DOI: 10.13140/RG.2.2.25733.83681

[LSTM] Sepp Hochreiter, Ju ̈rgen Schmidhuber “Long Short-term Memory” Neural Computation , 9, 1735-1780 , (1997).

Machine Learning for predicting Riemann zeta zeros

The zeros of the Riemann zeta function have been studied from many different angles. This is because the Riemann Hypothesis is a deep and fundamental problem, which has defied solution for more than a century. On this page we explore how Machine Learning can be applied to possibly shed light on the patterns underlying the zeros distribution (see also Advanced Modeling and Optimization, Volume 14, Number 3, pp 717-728, 2012). This angle of attack has not got the attention it deserves, given the importance of the problem. The application of machine learning to the Riemann zeta function is discussed in Good to Bad Gram point Ratio For Riemann Zeta Function.
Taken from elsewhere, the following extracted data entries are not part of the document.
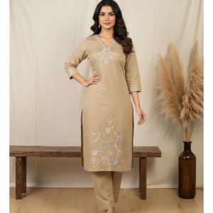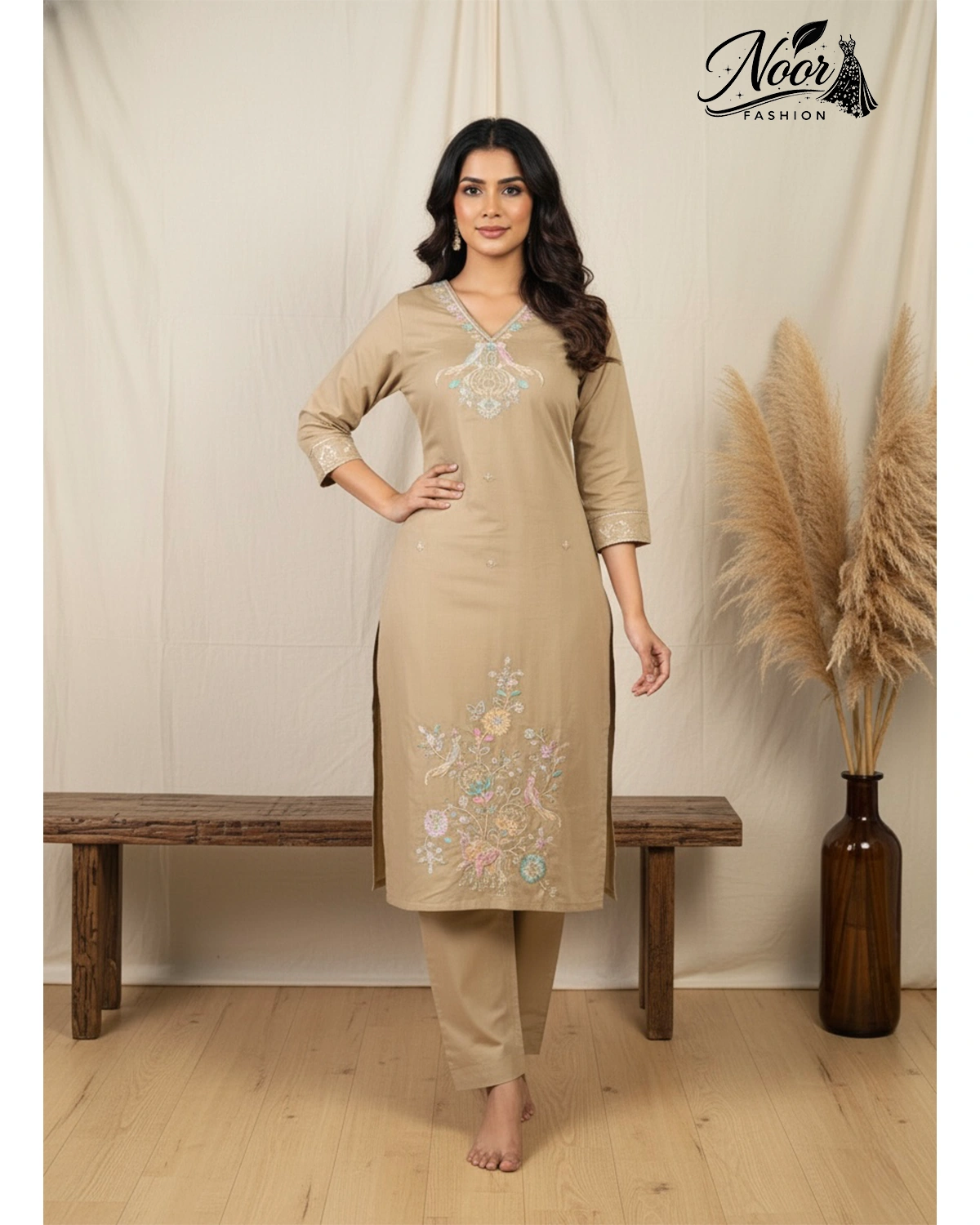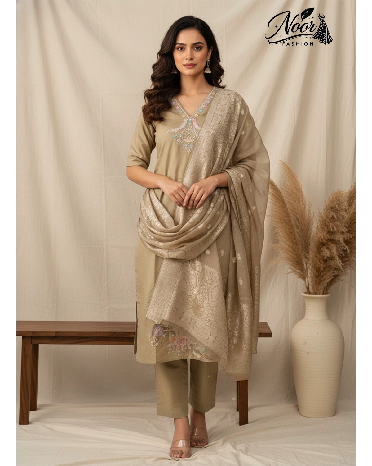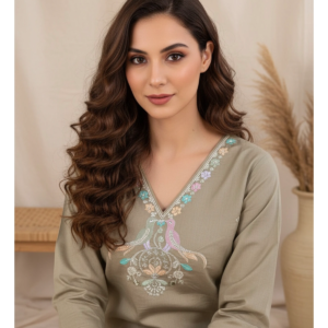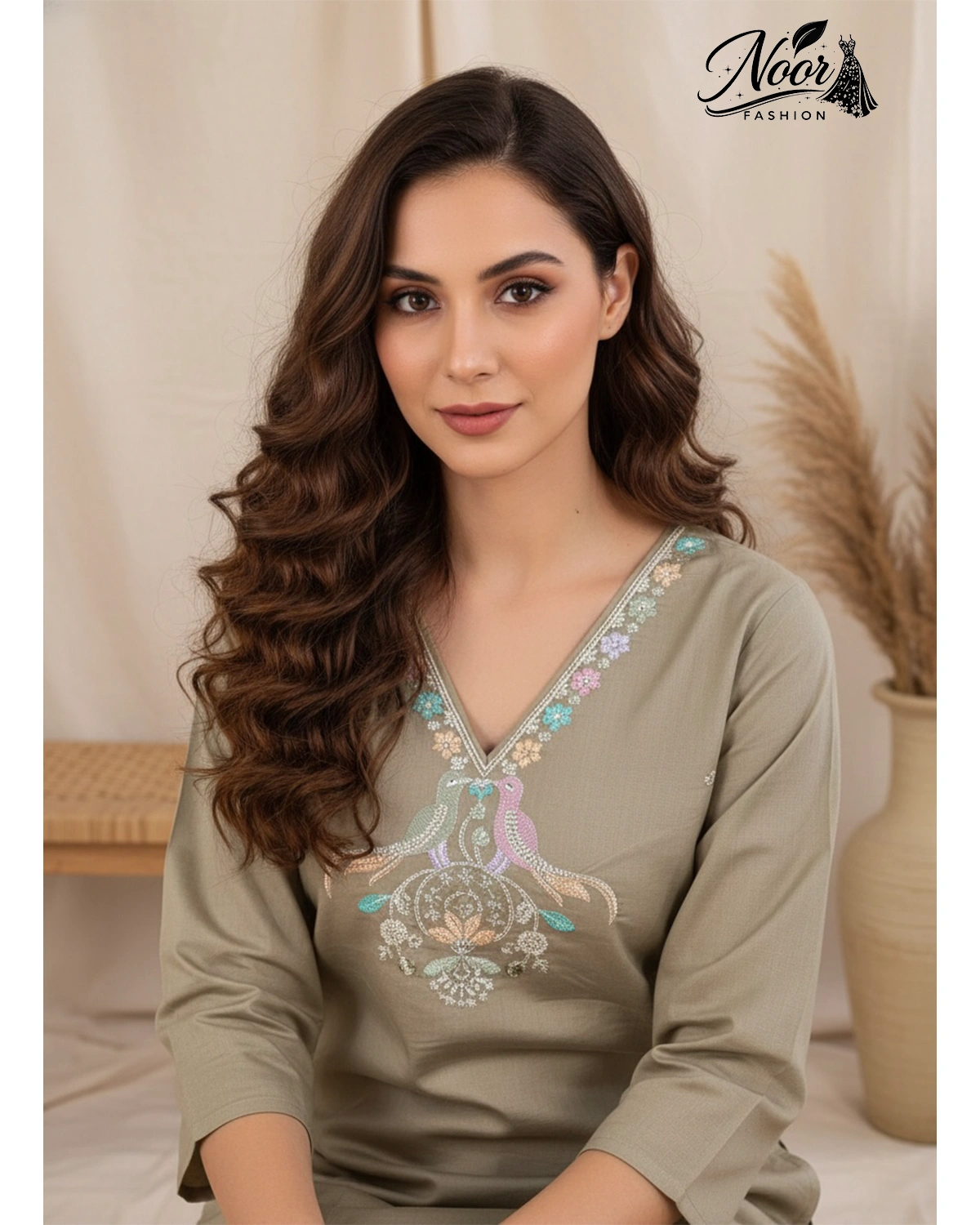 • The Kurti: Crafted from high-sheen Roman silk, the kurti features a flattering V-neckline framed by a delicate embroidered border. The centerpiece is a stunning “Nature” motif on the chest—two birds in soft pastel hues facing each other, highlighted with tiny, light-catching glass beads. This artistry continues on the lower side of the kurti with asymmetrical floral vines and additional bird motifs, creating an organic, artistic flow that breaks the monochromatic base.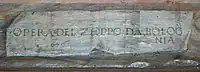 Firma de Marco Zoppo en el retablo del Real Colegio de España, Bolonia.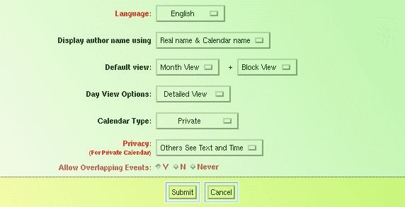 This form lets you select options related to calendar display.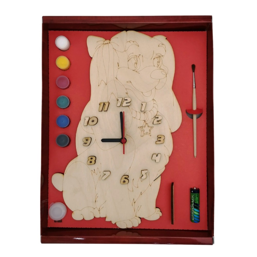 Часы с циферблатом под роспись "Собачка Леди" с красками арт.ДНИ134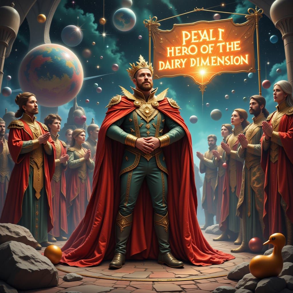 This image shows Captain Dawn in a cape with constellations, leading an award ceremony. Alien dignitaries, space ducks, and robots applaud under a banner in this humorous, regal scene, reminiscent of Moebius's retro-futurism.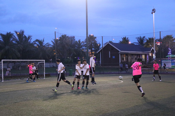 下半场比赛开打,万泰建筑的队员们调整了比赛策略,很快便掌握了场上的主动权,率先破门。传切、配合、突破、射门,攻防转换游刃有余,每一个进攻回合都压制着对手。在上半场落后两球的情况下,队员们沉着冷静,将战术布置很好的贯彻到每一个回合当中,下半场进行到一半,万泰球队再次通过传切配合攻破对方球门,2:2追平比分。此时,场上的局势再次回到起点。随着比赛的不断进行,双方的身体对抗也逐渐加强,场上的局势开始进入白热化阶段。然而,万泰建筑的队员们找到了适合自己的进攻方式,乘胜追击,终场前的最后10分钟再度两破对方球门,以6:4逆转对手。最终,万泰建筑通过奋力的拼搏,连追四球,以总比分6:4战胜对手,小组出线。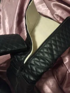 Botas que llegan abajo de la rodilla, negras sin marca, número 5, sin detalles.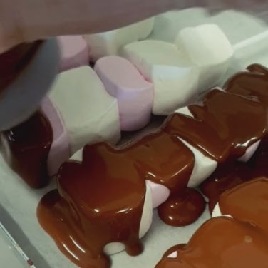 Sweet, fluffy and fun — our Mallow Pop Happy Birthday stacks soft marshmallows on a stick and finishes them with a drizzle of silky Belgian milk chocolate. Rocky-road vibes in a cute, snackable pop.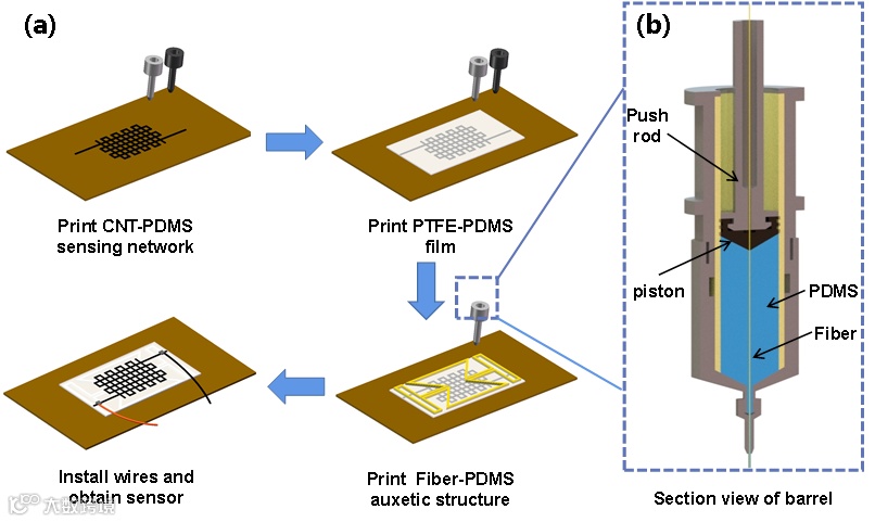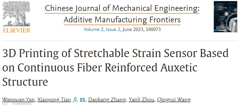 西交大田小永教授团队提出了一种基于连续纤维增强拉胀结构的可拉伸应变传感器,该传感器采用直接墨水书写( DIW ) 3D打印工艺制备。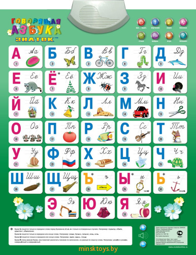 Новая версия популярнейшего звукового плаката «Говорящая Азбука» предназначен для детей и взрослых, начинающих изучать русский язык. Дополнения в плакат были внесены в соответствии с пожеланиями родителей и педагогов. В процессе пользования плакатом можно познакомиться не только с «именем» буквы, но и её звуком и порядковым номером, услышать стихи и весёлую песенку про алфавит. Имеет 8 режимов работы.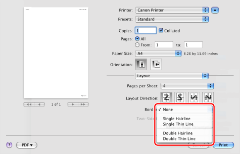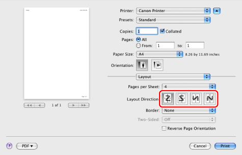 Select your printer → [Layout] →the number of pages you want to print onto one sheet of paper from [Pages per Sheet].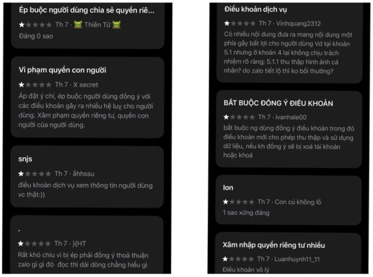 Phần lớn người dùng đánh giá 1 sao cho Zalo vì cho rằng ứng dụng này đang ép buộc người dùng với những điều khoản phải cung cấp thông tin cá nhân trong khi nền tảng lại không chịu trách nhiệm nếu thông tin bị lộ lọt.
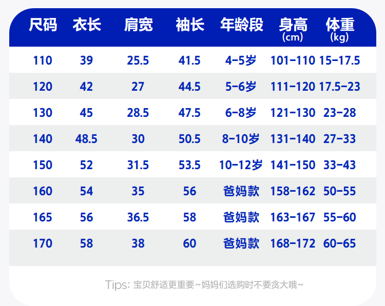 China (cm) 160-165/84-86 165-170 / 88-90 167-172 / 92-96 168-173 / 98-102 170-176 / 106-110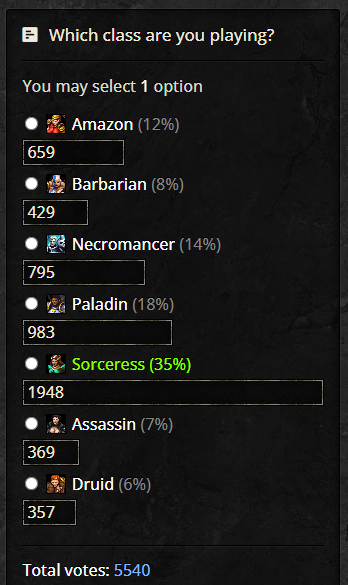 I'd argue that both Assassin and Zon are stronger than necro even that necro is more played. Shifter druids aren't really "weaker" than barbs, they just tend to be more annoying to play. Enigma issues, physical immune skipping, no hork like barb, ect.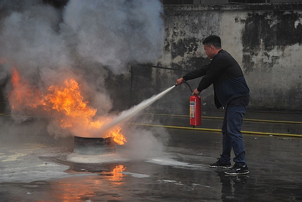此次消防技能实操演练内容包括消防栓的使用和模拟油桶“火灾”扑救两部分。首先由总站义务消防队队长伍伟恩讲解4Kg和35KgABC干粉灭火器的使用知识,再由总站义务消防队进行消防栓操作示范和灭火器灭火示范,然后参演员工按顺序轮流使用4KgABC干粉灭火器进行油桶“火灾”扑救实操演练。通过实操演练,让员工熟练掌握灭火器的使用方法,增强消防安全意识,提高火灾自救能力。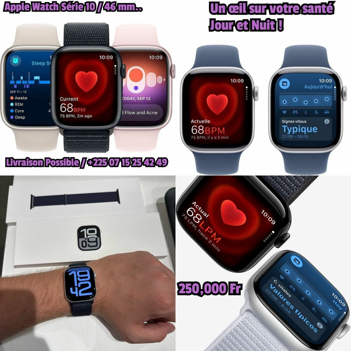 Surveillez votre santé jour et nuit avec la montre connectée Série 10. Fonctionnalités avancées de suivi du sommeil et de la fréquence cardiaque. Parfaite pour un style de vie actif et connecté. Disponible en plusieurs couleurs.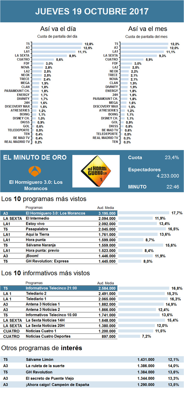 Una semana después de la programación especial por el día de Fiesta Nacional, El Hormiguero 3.0 lideró el jueves. Además de conseguir que Antena 3 mantuviese el minuto de oro por cuarto día consecutivo, el programa también logró ser lo más visto de la jornada. Durante el horario estelar destacó Estoy vivo, de La 1 que, tras su descanso de la semana pasada, regresó con su sexto capítulo y sus peores registros de la temporada, cercanos a los 2,1 millones de interesados y a un 13,4 por ciento de cuota.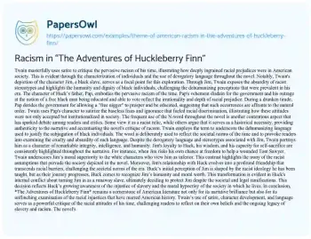 This essay will analyze the theme of American racism in Mark Twain’s “The Adventures of Huckleberry Finn.” It will discuss how the novel critiques racial attitudes of its time and its ongoing relevance in understanding American history and racial dynamics. At PapersOwl, you’ll also come across free essay samples that pertain to Huckleberry Finn.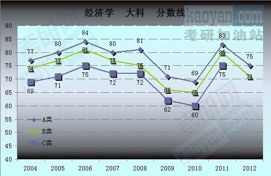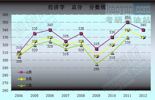 为让广大研友能更方便快捷地对比历年分数,考研网特汇总2004年至2012年经济学的国家复试分数线数据,制成下图,希望能更清晰直观的展示经济学历年的分数线走势。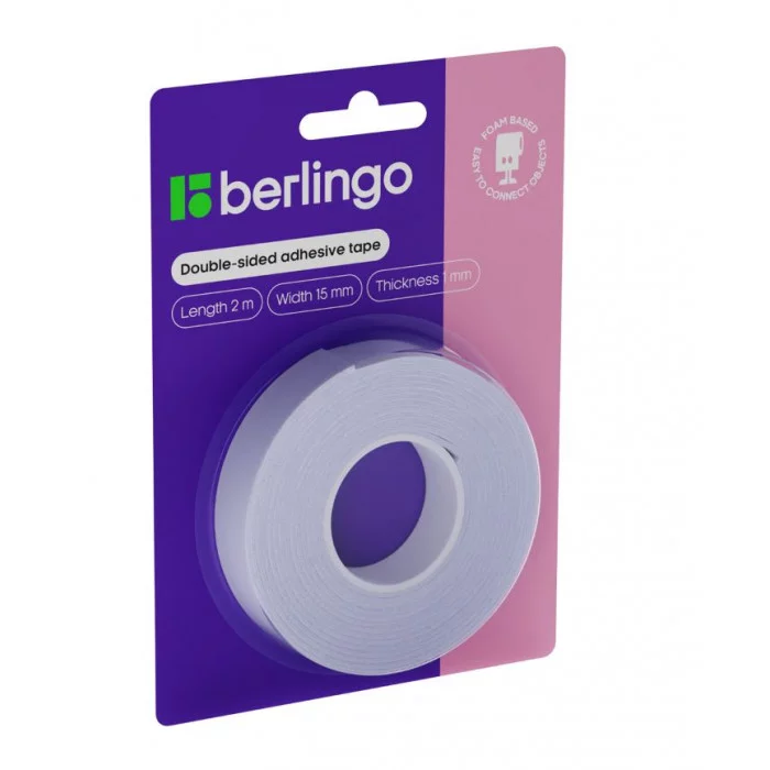 Клейкая лента двусторонняя Berlingo, 15мм*2м, на вспененной основе, 1мм, блистер 268413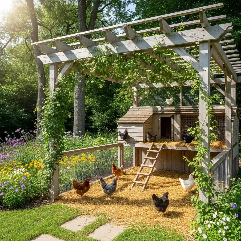 9. Pergola-Style Coop That Feels Open and Styled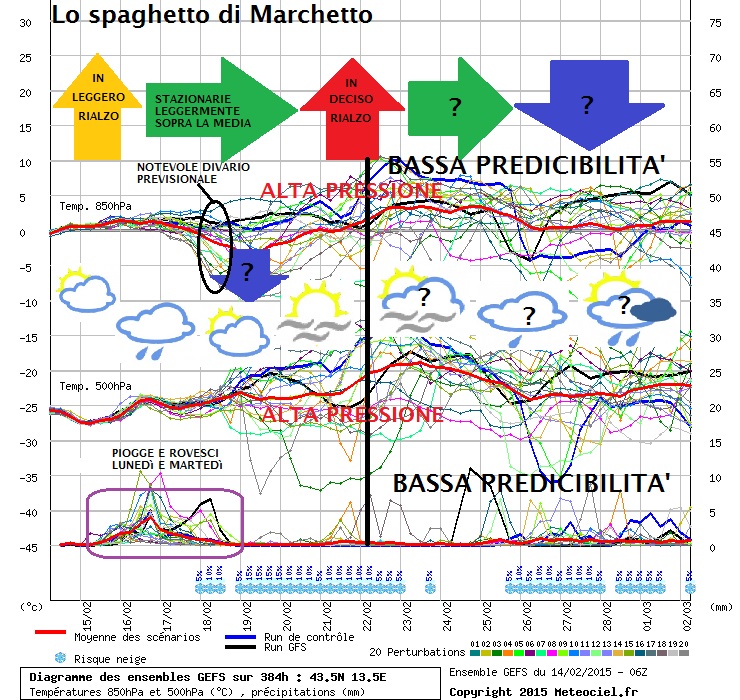 Febbraio ,come spesso ci ha abituato è il mese per eccellenza dell’inverno,sopratutto sulla costa adriatica ed anche quest’anno,rispetto allo scorso si è fatto almeno fino ad ora valere.Certo,non è stato crudo come altre annate,ma molto meglio dello scorso,così come in generale su tutta la stagione.Le nostre piste da sci appenniniche,anche se in ritardo,stanno rendendo felici appassionati ed imprenditori,ma ancora per quanto?Andando a monitorare le uscite dei modelli,si scorge sopratutto due fattori.Il primo è il peggioramento di inizio settimana(lunedì e martedì) con piogge a tratti anche moderate e nevicate sui monti solo sopra i 1000/1200 mt. Il secondo è la rimonta anticiclonica che si dovrebbe concretizzare verso il prossimo weekend con valori termici palesamente sopra media in grado di portare SE CONFERMATI i primi tepori primaverili.Ma in questa uscita del meteogramma da me elaborato si nota anche una insolita indecisione praticamente a breve termine frutto di una presunta retrogressione si una sacca di aria gelida siberiana vista sia da alcune variabili del suddetto modello,ma anche da altri modelli previsionali.Le probabilità che essa interessi la nostra penisola sono assai basse,ma vista la perseveranza di alcune variabili penso sia giusto perlomeno prenderne atto.L’alta pressione dovrebbe perseverare anche nell’ultima settimana di febbraio,quella che poi ci traghetterà verso la primavera meteorologica con inizio il primo Marzo.A presto.
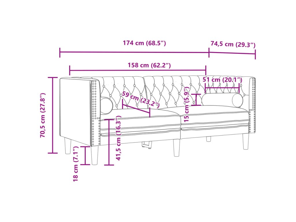 - Styl Chesterfield: Díky klasickému knoflíkovému čalounění opěradla a područek a jejich jednotné výšce pohovka pozvedne každou místnost a zajistí styl i pohodlí.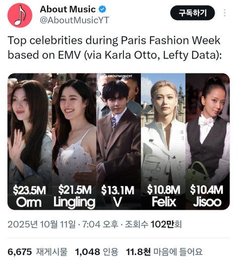 Lefty 기반으로한 EMV(Earned Media Value) 수치임 패윜 끝나면 나와 소셜미디어 콘텐츠의 영향력을 분석해서 비용으로 환산한 값으로, 업계 영향력을 표현하는 수치래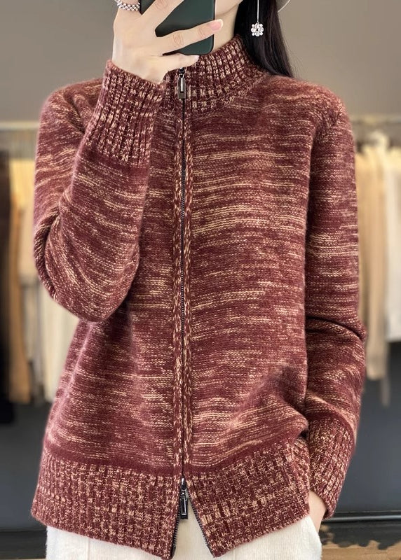 Handmade Black Stand Collar Zippered Knit Cardigans Long Sleeve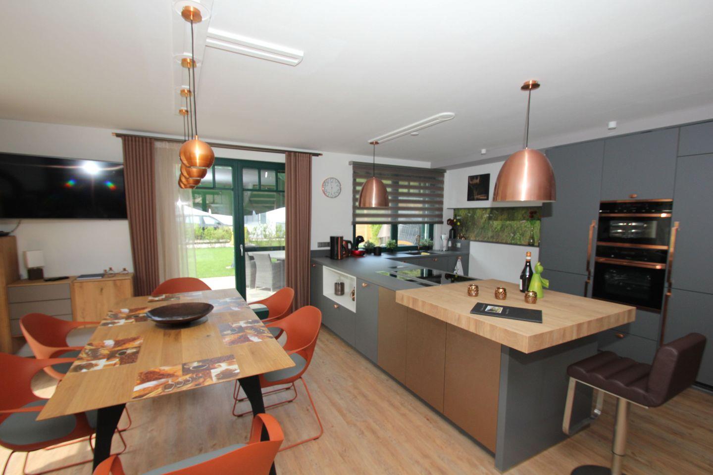 KÜCHE // offene Küche, 4-Platten Induktionsherd, Mikrowelle, Spülmaschine, Kühlschrank mit Gefrierfach, Backofen, Toaster, Wasserkocher, Kaffeemaschine, Aufschnittmaschine, reichlich Besteck, Geschirr und Küchenutensilien ++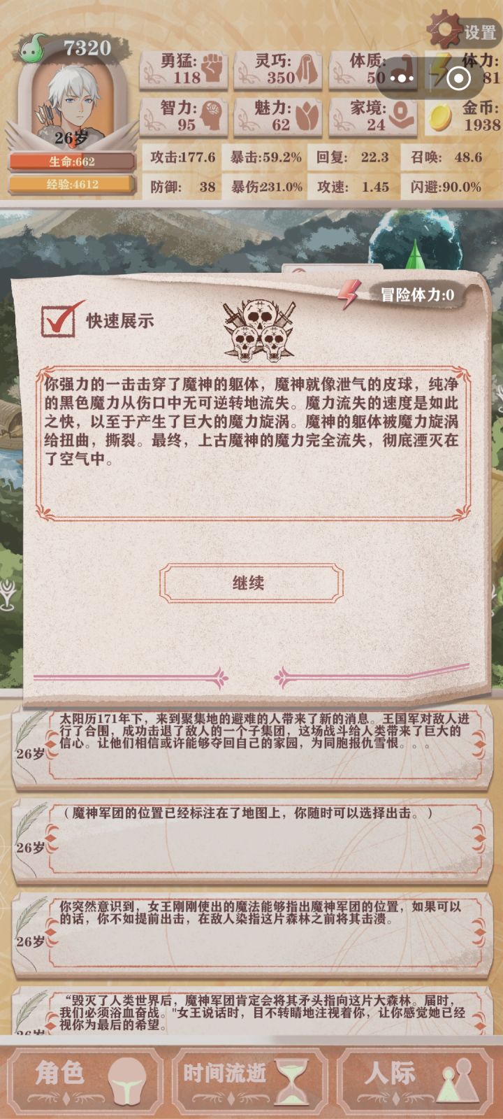 最后魔王那轮直接乱上装备了,还是稳稳过魔王,首先允许我向爆裂魔眼磕一个,我勒个超绝四阶爆啊其次恶兆三确实难过,甚至恶兆二也难过,我恶兆二暴击150%,恶兆三250%才过的,智力每轮25体三次拉满,勇猛射箭看剩余体力,射到40体就停,大头还是通过sl勇猛鸟来拿,勇猛千万不能低着重说说恶兆三,众所周知高残一刀流过了恶兆三就通关了。不点献祭,小动物挡刀确实有用,没点分裂箭,存多点钱,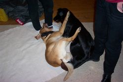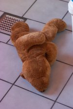 Teddy ist wesentlich widerstandsfähiger. Leider ergibt er sich immer viel zu schnell und wirft sich auf den Rücken. Feigling!! |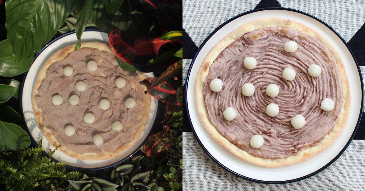 Google超過千則評論,分數高達4.4顆星的Hand on the pizza 手在比薩,手工現做的披薩獲得許多好評,除了經典口味以外特殊口味也少不了,這款「只想芋見泥披薩」是用香濃綿密的芋泥搭配烤過的白湯圓,創意口味讓人既期待又怕受傷害,芋泥控有沒有心動呀?

Why do we think that machine learning is a good tool to apply to the study of the zeros? It is because Machine Learning is an excellent tool to extract patterns when one has a huge amount of data. And indeed, with tens of trillions of the Riemann zeta function having been evaluated, one has the huge data set which would enable the application of machine learning techniques. Another encouraging indication that machine learning will be useful is a study of the entropy of the Riemann zeta zeros, which shows that the pattern of zeros shows a good amount of order.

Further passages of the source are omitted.